ADR-0149superseded

Self-Hosted Convex Backend

Context

Convex is a reactive backend-as-a-service with real-time subscriptions, ACID transactions, and built-in scheduling. The open-source self-hosted version runs as a single Docker container with SQLite (default) or Postgres/MySQL storage.

Gremlin (the course platform) already uses Convex cloud. The joelclaw k8s cluster runs all core infrastructure on a single Talos node. Self-hosting Convex would add a reactive database layer under full local control.

Reference: https://stack.convex.dev/self-hosted-develop-and-deploy

Potential Workloads

  1. Gremlin dev/staging — local Convex instance for development without cloud dependency. npx convex dev works identically against self-hosted.
  2. Agent state store — reactive subscriptions for agent loop status, gateway state, session metadata. Currently spread across Redis keys and Typesense documents.
  3. Event/activity feed — Convex’s real-time queries could power the /system/events UI on joelclaw.com, replacing the current Typesense polling.
  4. Structured memory — agent observations, dossiers, discoveries could live in Convex with full-text search and real-time sync to UI.

What It Would Replace vs Complement

CurrentConvex CouldVerdict
Redis (event bus, message queue, pub/sub)Convex has scheduling + subscriptions but no pub/sub primitivesComplement — Redis stays for pub/sub and ephemeral queues
Typesense (OTEL events, search)Convex has full-text search but not optimized for high-volume append-only logsComplement — Typesense stays for OTEL, Convex for structured app data
Inngest (durable functions, cron)Convex has scheduled functions but no step-based durabilityKeep Inngest — durable workflows are its strength
Postgres/SQLite (none currently in stack)Convex uses one internallyNew capability — structured relational-ish data with reactivity

Architecture Sketch

k8s cluster (joelclaw namespace)
├── convex-backend (StatefulSet, port 3210)
│   └── PVC for SQLite data (or connect to external Postgres)
├── convex-dashboard (optional, port 6791)
└── existing services (Redis, Inngest, Typesense, etc.)
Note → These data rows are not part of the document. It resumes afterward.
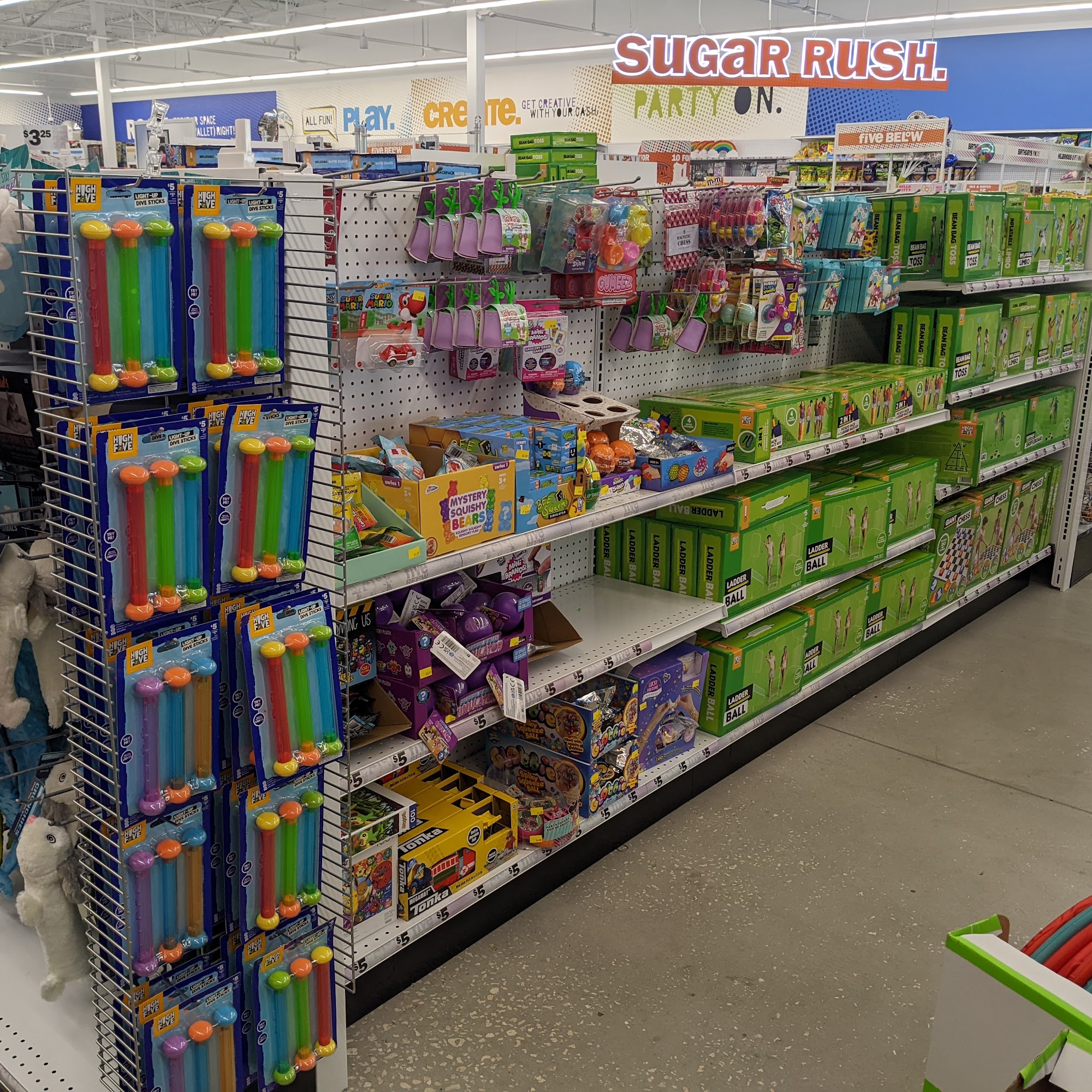 Five Below is a popular retailer known for its high-quality products at affordable prices, primarily catering to tweens and teens. Most items are priced between $1 and $5, with some special items available in the Five Beyond Shop. The store features a bright atmosphere filled with a variety of merchandise across eight categories: Style, Room, Sports, Tech, Create, Party, Candy, and New & Now. Customers appreciate the clean and organized layout, making it easy to find products. Many shoppers leave with great bargains, enjoying unique snacks, toys, and other fun items. The staff is noted for being attentive and friendly, providing excellent customer service that enhances the shopping experience. Overall, Five Below offers an enjoyable and affordable shopping adventure for all ages.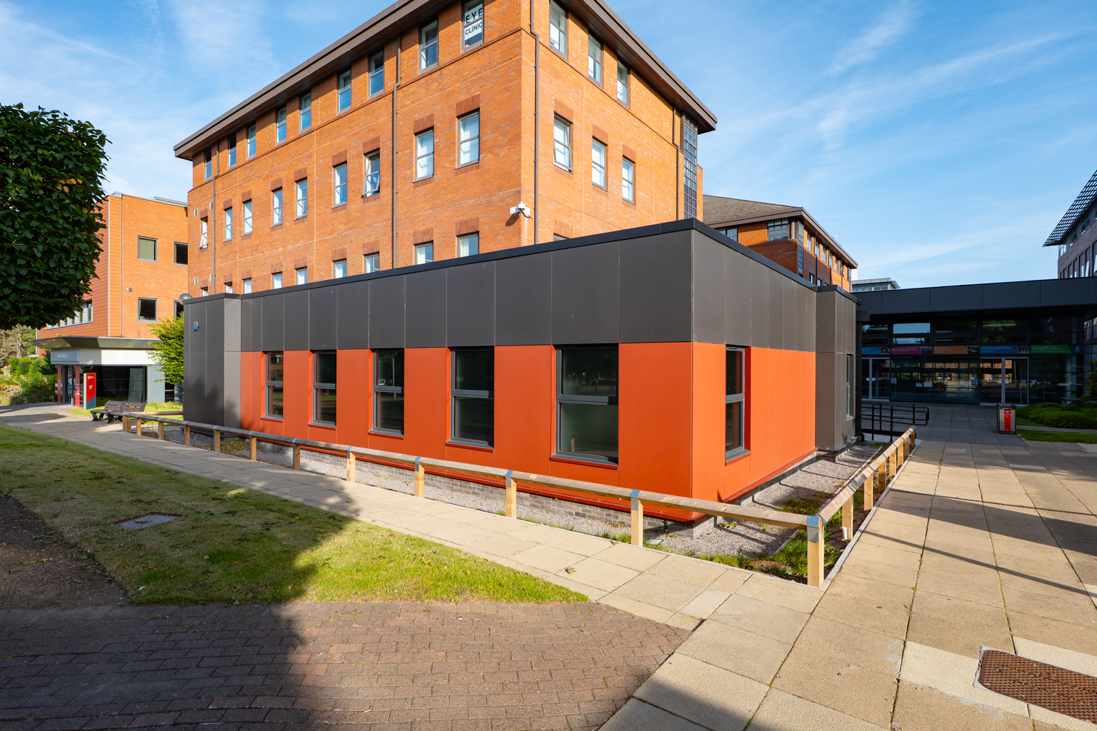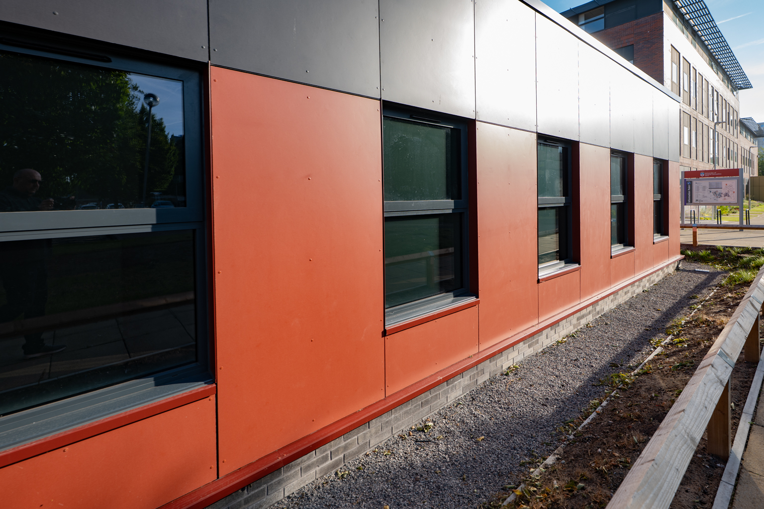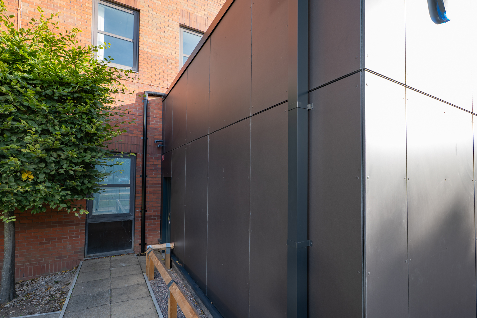 AMS Cladding installed an eye-catching charcoal and ruby rainscreen cladding system, providing aesthetics in keeping with their other developments, with thermal benefits.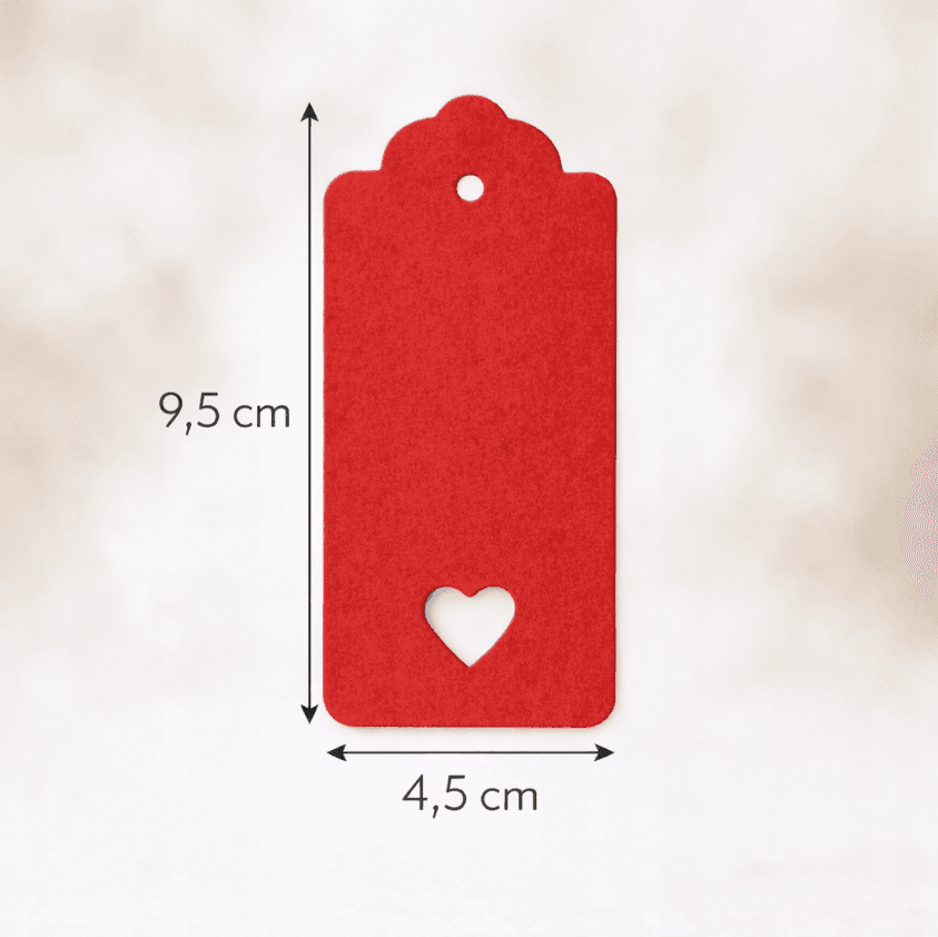ETYKIETY CZERWONE ZAWIESZKI BILECIKI DO PREZENTÓW 9,5 x 4,5 cm Z SERCEM. Zestaw 50 sztuk ze sznureczkiem ✅ Dodaj wyjątkowego charakteru swoim prezentom, produktom handmade i podziękowaniom dzięki eleganckim etykietom wykonanym z ekologicznego papieru kraft w kolorze czerwony. ✅ To drobny detal, który sprawia ogromne wrażenie – idealny zarówno do użytku domowego, jak i profesjonalnego pakowania upominków, dekoracji czy sprzedaży rękodzieła. Opis produktu: ✅ Wymiary etykiety: ok. 9,5 × 4,5 cm ✅ Kolor: czerwony ✅ Materiał: gruby papier o naturalnej fakturze ✅ Otwór: gotowy do przewleczenia sznurka, wstążki lub tasiemki ✅ Styl: minimalistyczny,, eko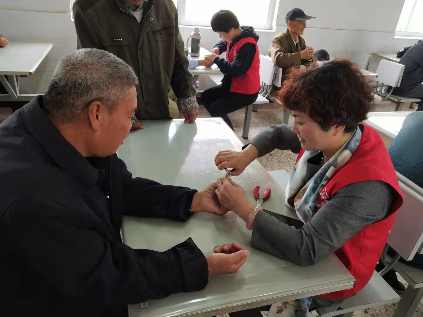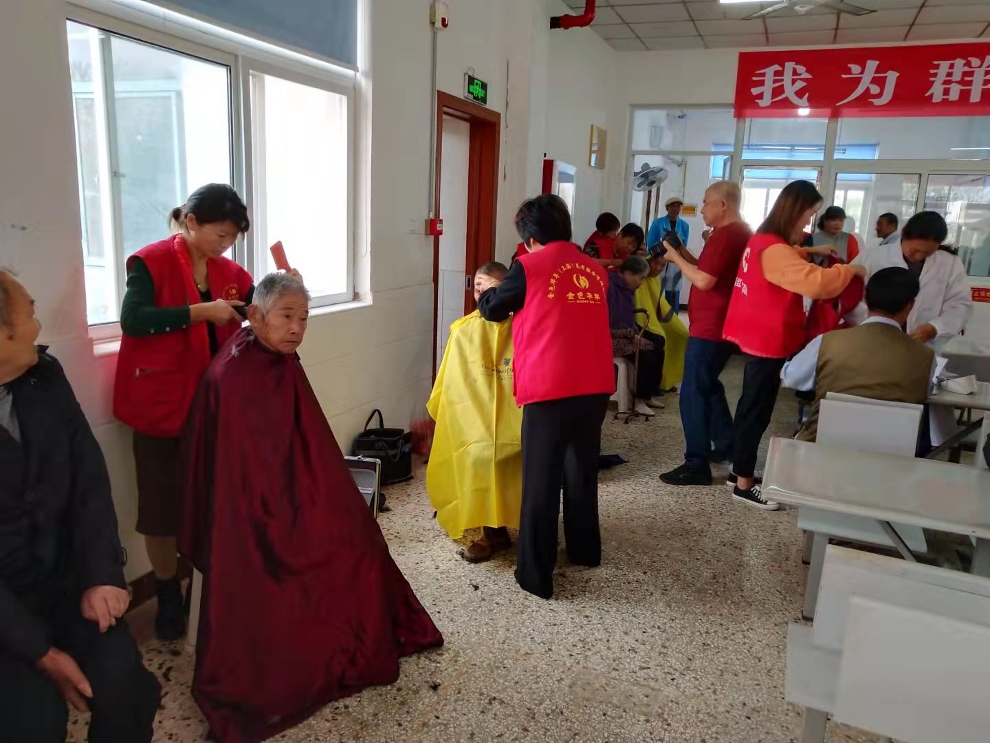 30多名志愿者分工明确,一组志愿者一边为老人理发、剪指甲、修脚,一边陪老人闲谈,受到了老人们的一致好评;另一组志愿者一边为老人分发带来的瓜子、花生、香蕉、橘子等,一边用自编自演的文艺节目为老人们送上精神大餐,赢得了老人们的阵阵掌声。医护人员为老人义诊、量血压、提供咨询服务。最后,志愿者们为每位老人送上一份节日礼物,包括一箱牛奶、两袋芝麻糊和一条毛毯。
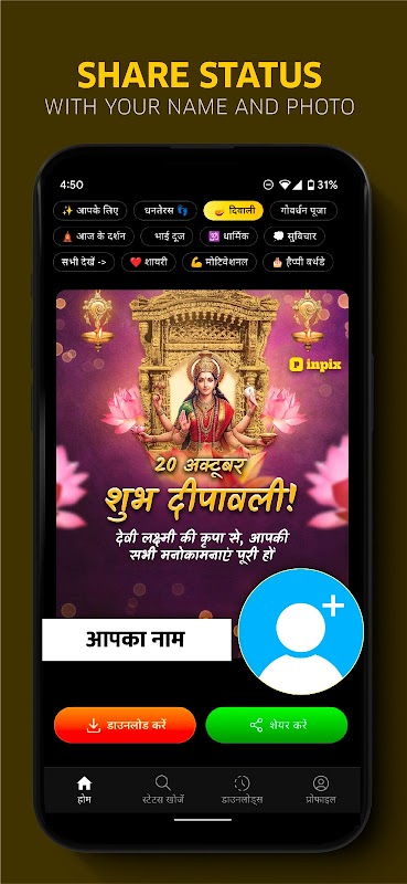 Entdecke Zitate über das Leben, Feste, die indische Kultur, hinduistische Götter und Göttinnen, berühmte Persönlichkeiten, große Philosophen und Schriftsteller – alles als personalisierte Statusmeldungen mit deinem Namen und Foto. Wir beschränken uns nicht nur auf Fotos: Erhalte alle Arten von Videostatus-Inhalten exklusiv auf InPix. Du brauchst keine andere Fotobearbeitungs-App, um ein Zitat zu einem Bild hinzuzufügen – einfach antippen und teilen.

Docker port mappings needed: 3210:3210, 6791:6791 (hot-add per ADR-0148 procedure).

Deployment

# Docker Compose for local dev
npx degit get-convex/convex-backend/self-hosted/docker/docker-compose.yml
docker compose up
 
# For k8s: container image
ghcr.io/get-convex/convex-backend:latest
ghcr.io/get-convex/convex-dashboard:latest
 
# Dev workflow (identical to cloud)
CONVEX_SELF_HOSTED_URL='http://localhost:3210'
CONVEX_SELF_HOSTED_ADMIN_KEY='<generated>'
npx convex dev

Risks

  • Single-node only — open-source version doesn’t horizontally scale. Fine for joelclaw’s scale, not for production course platform traffic.
  • Upgrade burden — migrations and version bumps are manual. No Convex team support.
  • Data locality — if Convex backend and its database aren’t co-located, query latency degrades (cloud does ~1ms, self-hosted varies).
  • Overlap — adding another stateful service to a single-node cluster increases blast radius. Must justify each workload vs existing stack.

Open Questions

  1. Should gremlin production stay on Convex cloud with self-hosted only for dev/staging?
  2. Which agent workload benefits most from reactivity? (Loop status dashboard? Memory UI?)
  3. Postgres vs SQLite for the backing store? SQLite is simpler but Postgres enables external access.
  4. Resource budget — how much CPU/memory can we allocate given current cluster load?

Decision

Researching. Next step: spin up a local Docker Compose instance, run the Convex tutorial against it, and evaluate latency + DX before committing to k8s deployment.